In these parts, experts anticipate fewer extremely cold days and more extremely hot days and more severe thunderstorms, which can cause injury and property damage.
While things are projected to get worse, there have already been an uptick in weather-related disasters across the country, particularly floods. That comes with a human toll, and a large hit to the wallet.
The dollar impact is chronicled in a new report from the Parliamentary Budget Officer, which show a 40 per cent increase over the last decade from the federal Disaster Financial Assistance Arrangements program. That fund is most often called on following floods given the historic lack of private insurance to cover such disasters.

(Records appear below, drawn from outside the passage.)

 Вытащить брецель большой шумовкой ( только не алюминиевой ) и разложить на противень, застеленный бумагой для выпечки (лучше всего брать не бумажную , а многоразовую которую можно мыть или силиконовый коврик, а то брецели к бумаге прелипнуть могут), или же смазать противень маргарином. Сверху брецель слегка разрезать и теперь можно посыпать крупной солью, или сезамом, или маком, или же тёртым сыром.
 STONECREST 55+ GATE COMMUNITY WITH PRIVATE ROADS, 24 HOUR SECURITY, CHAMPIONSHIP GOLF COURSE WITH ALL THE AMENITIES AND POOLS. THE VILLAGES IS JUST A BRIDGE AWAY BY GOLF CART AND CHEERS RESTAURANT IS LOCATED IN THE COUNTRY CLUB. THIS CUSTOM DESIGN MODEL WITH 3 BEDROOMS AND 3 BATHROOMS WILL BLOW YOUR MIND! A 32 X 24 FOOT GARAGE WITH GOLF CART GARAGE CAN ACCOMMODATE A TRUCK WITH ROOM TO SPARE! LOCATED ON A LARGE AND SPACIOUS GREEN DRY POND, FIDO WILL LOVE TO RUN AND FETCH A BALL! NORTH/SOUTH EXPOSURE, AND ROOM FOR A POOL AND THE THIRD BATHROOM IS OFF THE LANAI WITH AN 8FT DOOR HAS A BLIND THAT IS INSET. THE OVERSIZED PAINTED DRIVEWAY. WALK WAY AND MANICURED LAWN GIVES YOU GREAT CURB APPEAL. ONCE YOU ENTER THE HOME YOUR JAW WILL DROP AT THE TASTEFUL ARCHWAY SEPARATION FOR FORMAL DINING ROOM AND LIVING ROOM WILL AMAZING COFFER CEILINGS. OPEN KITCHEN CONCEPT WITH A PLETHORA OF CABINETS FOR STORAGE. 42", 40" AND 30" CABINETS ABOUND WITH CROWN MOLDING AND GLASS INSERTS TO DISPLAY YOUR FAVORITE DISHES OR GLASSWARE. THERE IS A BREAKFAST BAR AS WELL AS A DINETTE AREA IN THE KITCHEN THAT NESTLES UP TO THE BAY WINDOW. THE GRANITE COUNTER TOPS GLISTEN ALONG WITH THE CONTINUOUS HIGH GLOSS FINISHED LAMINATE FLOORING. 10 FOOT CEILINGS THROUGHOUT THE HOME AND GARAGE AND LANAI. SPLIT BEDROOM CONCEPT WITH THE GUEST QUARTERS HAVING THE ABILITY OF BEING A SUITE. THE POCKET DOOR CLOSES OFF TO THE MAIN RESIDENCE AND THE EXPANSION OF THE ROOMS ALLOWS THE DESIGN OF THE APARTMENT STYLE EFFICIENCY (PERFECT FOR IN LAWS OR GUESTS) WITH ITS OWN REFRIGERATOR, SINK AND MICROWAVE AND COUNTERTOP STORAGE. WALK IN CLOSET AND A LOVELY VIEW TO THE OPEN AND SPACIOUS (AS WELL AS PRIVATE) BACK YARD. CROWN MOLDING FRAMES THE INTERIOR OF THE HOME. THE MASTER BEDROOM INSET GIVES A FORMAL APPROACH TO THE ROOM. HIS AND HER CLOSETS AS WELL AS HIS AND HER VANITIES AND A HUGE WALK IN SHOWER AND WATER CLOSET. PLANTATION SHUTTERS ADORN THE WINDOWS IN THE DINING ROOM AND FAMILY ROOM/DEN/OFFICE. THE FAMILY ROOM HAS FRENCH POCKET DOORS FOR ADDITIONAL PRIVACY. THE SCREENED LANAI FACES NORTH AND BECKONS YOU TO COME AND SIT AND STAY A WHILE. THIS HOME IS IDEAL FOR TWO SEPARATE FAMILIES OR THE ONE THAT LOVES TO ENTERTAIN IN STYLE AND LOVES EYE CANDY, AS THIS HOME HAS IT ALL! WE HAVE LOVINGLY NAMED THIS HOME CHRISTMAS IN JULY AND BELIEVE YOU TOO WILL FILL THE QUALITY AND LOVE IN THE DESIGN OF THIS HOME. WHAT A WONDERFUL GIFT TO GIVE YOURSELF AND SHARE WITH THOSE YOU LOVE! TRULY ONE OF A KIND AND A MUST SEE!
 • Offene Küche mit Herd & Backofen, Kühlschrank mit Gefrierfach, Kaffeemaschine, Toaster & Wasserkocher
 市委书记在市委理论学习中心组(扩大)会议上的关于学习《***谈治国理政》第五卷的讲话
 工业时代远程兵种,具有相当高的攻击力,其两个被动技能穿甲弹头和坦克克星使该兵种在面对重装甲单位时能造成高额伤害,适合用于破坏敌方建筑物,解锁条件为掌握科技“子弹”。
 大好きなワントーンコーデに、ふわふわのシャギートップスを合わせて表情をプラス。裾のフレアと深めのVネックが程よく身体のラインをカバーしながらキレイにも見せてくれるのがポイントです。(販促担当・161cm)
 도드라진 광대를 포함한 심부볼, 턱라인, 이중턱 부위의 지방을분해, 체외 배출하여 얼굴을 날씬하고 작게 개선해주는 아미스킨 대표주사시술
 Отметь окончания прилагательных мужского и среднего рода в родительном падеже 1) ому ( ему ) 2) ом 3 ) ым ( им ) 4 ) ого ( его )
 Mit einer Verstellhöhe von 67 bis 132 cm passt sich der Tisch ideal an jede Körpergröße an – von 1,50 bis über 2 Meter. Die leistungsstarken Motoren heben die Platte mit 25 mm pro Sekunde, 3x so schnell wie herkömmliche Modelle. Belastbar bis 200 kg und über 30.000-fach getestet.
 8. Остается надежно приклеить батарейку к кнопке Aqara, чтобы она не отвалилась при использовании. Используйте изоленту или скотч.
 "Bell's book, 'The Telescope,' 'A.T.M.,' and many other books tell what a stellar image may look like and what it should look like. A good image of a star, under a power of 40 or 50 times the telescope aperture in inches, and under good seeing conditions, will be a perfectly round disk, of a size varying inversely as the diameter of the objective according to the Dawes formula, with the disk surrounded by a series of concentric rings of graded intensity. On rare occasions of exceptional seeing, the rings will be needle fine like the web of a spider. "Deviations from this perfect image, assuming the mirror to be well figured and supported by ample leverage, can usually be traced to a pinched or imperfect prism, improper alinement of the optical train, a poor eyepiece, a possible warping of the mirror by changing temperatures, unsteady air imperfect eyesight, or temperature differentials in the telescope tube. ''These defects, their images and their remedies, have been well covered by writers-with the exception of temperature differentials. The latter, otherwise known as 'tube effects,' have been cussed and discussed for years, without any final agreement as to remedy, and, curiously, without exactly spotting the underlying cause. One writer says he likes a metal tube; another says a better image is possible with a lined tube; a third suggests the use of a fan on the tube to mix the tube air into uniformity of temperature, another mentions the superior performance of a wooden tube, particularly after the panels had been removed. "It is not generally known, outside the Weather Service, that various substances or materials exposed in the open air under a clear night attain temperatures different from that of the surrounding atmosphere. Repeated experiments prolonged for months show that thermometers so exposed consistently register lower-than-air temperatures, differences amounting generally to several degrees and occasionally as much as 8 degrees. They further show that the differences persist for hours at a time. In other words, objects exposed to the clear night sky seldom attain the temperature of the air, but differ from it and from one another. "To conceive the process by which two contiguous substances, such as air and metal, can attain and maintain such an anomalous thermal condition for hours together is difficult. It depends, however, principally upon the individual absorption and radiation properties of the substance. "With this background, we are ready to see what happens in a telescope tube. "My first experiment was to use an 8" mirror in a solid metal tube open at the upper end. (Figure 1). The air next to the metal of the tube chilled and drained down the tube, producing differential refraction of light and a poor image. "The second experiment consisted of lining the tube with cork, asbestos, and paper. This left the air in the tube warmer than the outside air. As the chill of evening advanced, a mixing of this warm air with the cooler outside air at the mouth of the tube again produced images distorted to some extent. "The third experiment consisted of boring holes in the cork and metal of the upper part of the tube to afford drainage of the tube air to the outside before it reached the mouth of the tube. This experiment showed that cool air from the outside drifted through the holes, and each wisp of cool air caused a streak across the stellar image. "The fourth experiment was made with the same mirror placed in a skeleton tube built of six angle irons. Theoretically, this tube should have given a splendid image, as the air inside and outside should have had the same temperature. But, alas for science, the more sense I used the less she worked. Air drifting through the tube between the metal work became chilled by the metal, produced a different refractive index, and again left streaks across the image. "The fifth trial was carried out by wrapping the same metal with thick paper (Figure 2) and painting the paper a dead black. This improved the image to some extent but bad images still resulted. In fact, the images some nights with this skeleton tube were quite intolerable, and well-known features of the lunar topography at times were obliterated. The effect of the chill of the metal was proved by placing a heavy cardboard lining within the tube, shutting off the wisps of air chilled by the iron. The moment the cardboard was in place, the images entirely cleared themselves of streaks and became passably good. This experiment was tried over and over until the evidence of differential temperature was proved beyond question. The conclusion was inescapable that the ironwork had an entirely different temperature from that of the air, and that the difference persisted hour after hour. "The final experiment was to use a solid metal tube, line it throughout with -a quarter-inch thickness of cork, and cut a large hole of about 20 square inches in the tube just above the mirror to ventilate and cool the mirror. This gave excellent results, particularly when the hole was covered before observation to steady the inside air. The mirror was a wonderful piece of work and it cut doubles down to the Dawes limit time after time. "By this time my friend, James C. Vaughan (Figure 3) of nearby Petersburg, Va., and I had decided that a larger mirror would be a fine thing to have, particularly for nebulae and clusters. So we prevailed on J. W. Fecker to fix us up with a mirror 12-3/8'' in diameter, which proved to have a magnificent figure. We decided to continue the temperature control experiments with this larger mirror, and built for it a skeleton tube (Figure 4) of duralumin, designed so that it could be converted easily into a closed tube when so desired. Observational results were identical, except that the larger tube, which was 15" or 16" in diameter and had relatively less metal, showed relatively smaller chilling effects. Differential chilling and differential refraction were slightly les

In the 10-year period from 2005 to 2014, the DFAA reimbursed provinces some $4.1 billion versus $2.9 billion from 1995 to 2004.
Since its founding in the 1970s, the program has seen increasing demands. Inflated to 2014 values, the average DFAA cost from 1970 to 1994 amounted to $54 million per year; between 1995 and 2004, this annual average cost had risen to $291 million, and between 2005 and 2014, it reached $410 million per year. Now the PBO is predicting that to rise dramatically to $902 million annually for the next five years, three-quarters of the claims related to flooding, largely in Alberta and Saskatchewan.
Battling greenhouse gases is one thing, but in the near term, wallets will take a beating beyond whatever useful – and decidedly useless tax grabs – measures governments come up with.